§ How to complete this task: Images are to be dropped, and the rest of the data reproduced exactly.

━━━ Supplied entries ━━━

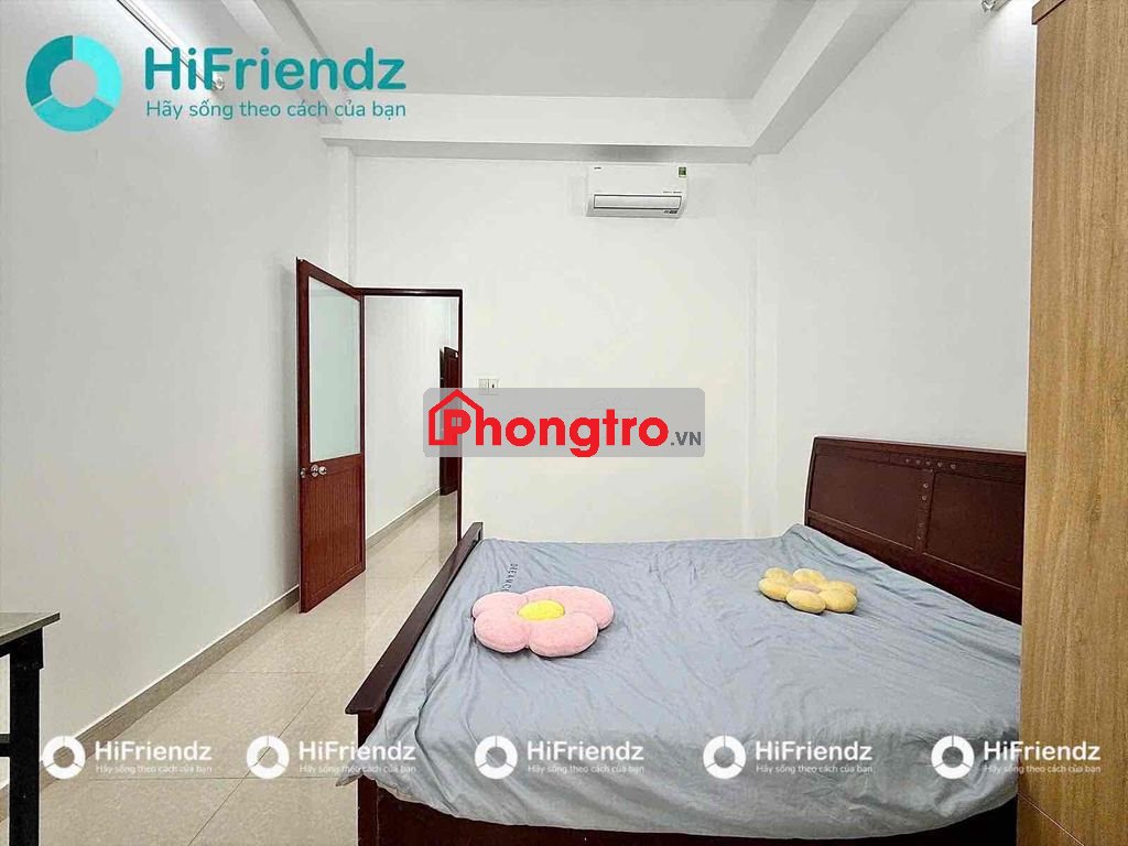 Phòng rộng 35m2, phân thành 2 khu vực phòng bếp và phòng ngủ riêng. Phòng cửa sổ trời thoáng mát. Gổm Tủ lạnh, bàn ăn, giường, nệm, tủ quần áo, bàn làm việc, máy lạnh, máy giặt. Có máy sấy chung dưới trệt
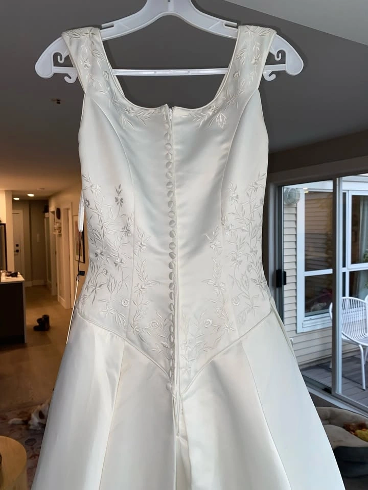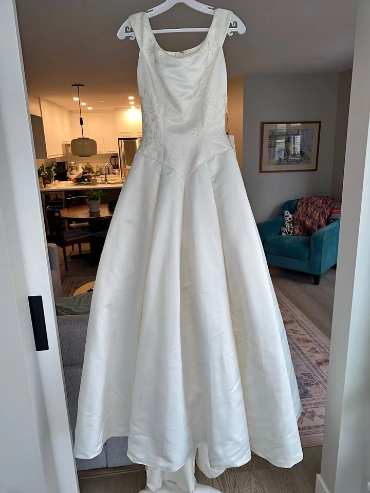 Selling a classic silhouette boat neck wedding dress with a super flattering Basque waist. This was bought off-the-rack and has never been worn (except to try on) and is unaltered. Since it's off-the-rack, it will need dry-cleaning, but it's in perfect, brand-new condition aside from what's expected from being in a shop (no snags, rips, or damage to the fabric).
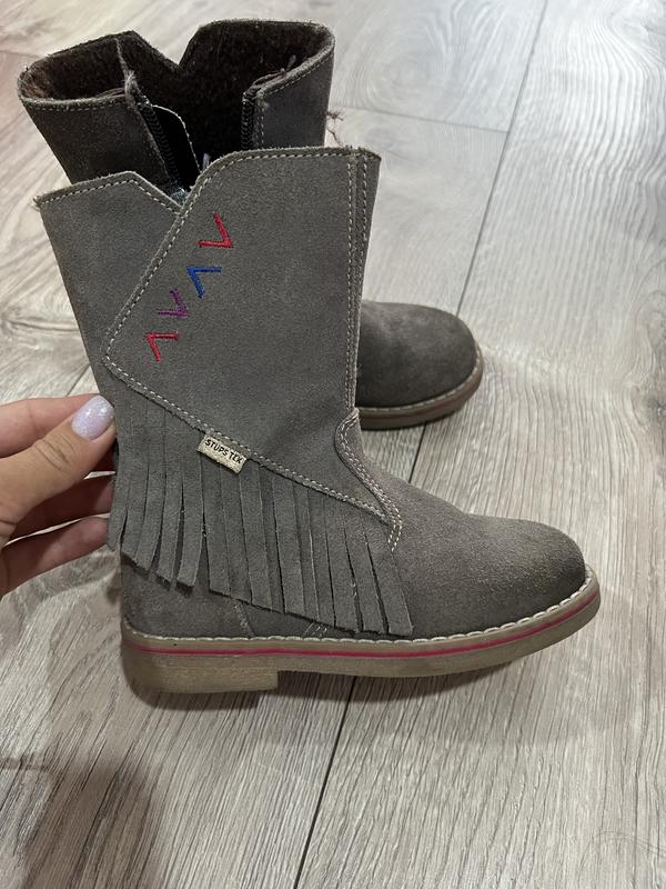 Дитячі ботинки, типу козачки. Шкіра. Стан ідеальний, виглядають як нові. Дуже гарно і стильно дивляться на ніжці. Розмір 26.
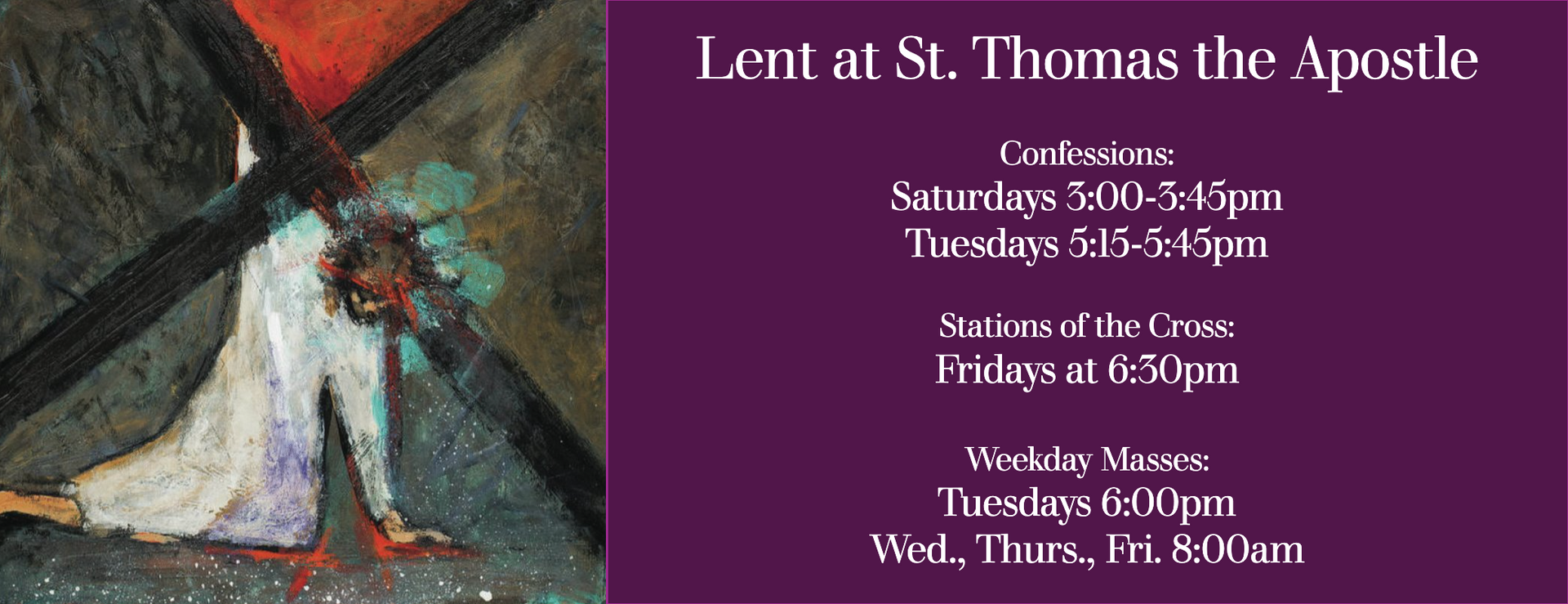 *Effective Feb. 10, 2026: Tuesday Evening Mass, Adoration & Confession will be offered April 21 through August 25.* No Tuesday Masses until then.
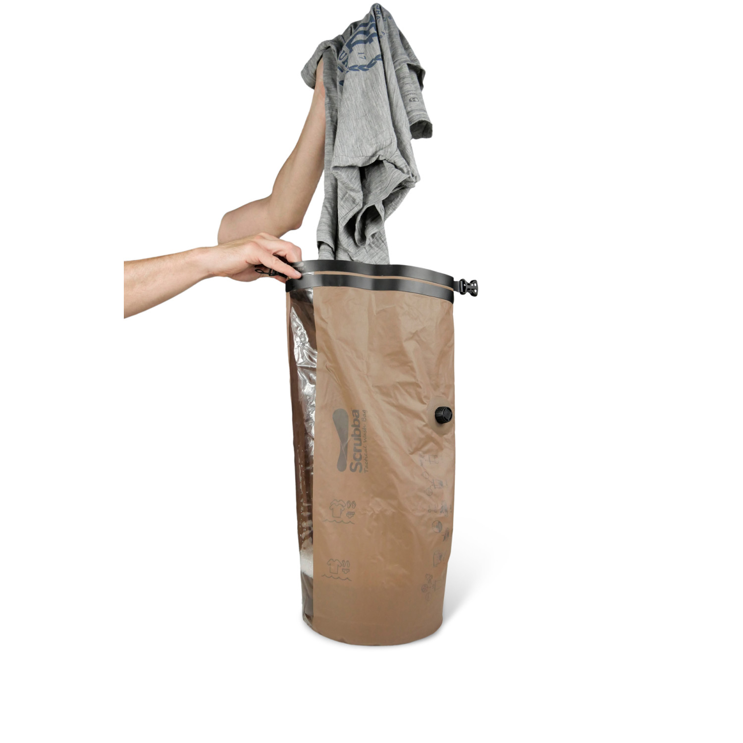 Visticamāk, mazākā veļas mašīna pasaulē: Scrubba veļas soma nodrošina lielisku mazgāšanas jaudu savā kompaktnajā izmērā. Pateicoties iebūvētajiem rokturiem, logam, uzpildes atzīmēm un rullējamajam aizvaram, Scrubba ir ārkārtīgi viegli lietojama un īsā laikā nodrošina pārsteidzošus rezultātus. Ar divkāršu mazgāšanas jaudu (salīdzinot ar roku mazgāšanu), ūdens taupīšanu un izcilu efektivitāti. Izmantotais materiāls ir izturīgs un izvēlēts tā, lai saglabātu pilnu funkcionalitāti ilgstoši. Sešos soļos uz tīru rezultātu: 1. Ielieciet veļu un ūdeni. 2. Rullējiet Scrubba veļas somu un aizveriet. 3. Izspiediet gaisu no somas caur iebūvēto vārstu. 4. Berzējiet 30 sekundes līdz 3 minūtēm (atkarībā no mazgājamā un netīrības pakāpes). 5. Izskalojiet veļu ar tīru ūdeni. 6. Izžāvējiet un gatavs. Ideāli piemērota ceļojumiem, brīvā dabā, kempingam un atpūtai.

━━━

§ Solution:
 Phòng rộng 35m2, phân thành 2 khu vực phòng bếp và phòng ngủ riêng. Phòng cửa sổ trời thoáng mát. Gổm Tủ lạnh, bàn ăn, giường, nệm, tủ quần áo, bàn làm việc, máy lạnh, máy giặt. Có máy sấy chung dưới trệt
 Selling a classic silhouette boat neck wedding dress with a super flattering Basque waist. This was bought off-the-rack and has never been worn (except to try on) and is unaltered. Since it's off-the-rack, it will need dry-cleaning, but it's in perfect, brand-new condition aside from what's expected from being in a shop (no snags, rips, or damage to the fabric).
 Дитячі ботинки, типу козачки. Шкіра. Стан ідеальний, виглядають як нові. Дуже гарно і стильно дивляться на ніжці. Розмір 26.
 *Effective Feb. 10, 2026: Tuesday Evening Mass, Adoration & Confession will be offered April 21 through August 25.* No Tuesday Masses until then.
 Visticamāk, mazākā veļas mašīna pasaulē: Scrubba veļas soma nodrošina lielisku mazgāšanas jaudu savā kompaktnajā izmērā. Pateicoties iebūvētajiem rokturiem, logam, uzpildes atzīmēm un rullējamajam aizvaram, Scrubba ir ārkārtīgi viegli lietojama un īsā laikā nodrošina pārsteidzošus rezultātus. Ar divkāršu mazgāšanas jaudu (salīdzinot ar roku mazgāšanu), ūdens taupīšanu un izcilu efektivitāti. Izmantotais materiāls ir izturīgs un izvēlēts tā, lai saglabātu pilnu funkcionalitāti ilgstoši. Sešos soļos uz tīru rezultātu: 1. Ielieciet veļu un ūdeni. 2. Rullējiet Scrubba veļas somu un aizveriet. 3. Izspiediet gaisu no somas caur iebūvēto vārstu. 4. Berzējiet 30 sekundes līdz 3 minūtēm (atkarībā no mazgājamā un netīrības pakāpes). 5. Izskalojiet veļu ar tīru ūdeni. 6. Izžāvējiet un gatavs. Ideāli piemērota ceļojumiem, brīvā dabā, kempingam un atpūtai.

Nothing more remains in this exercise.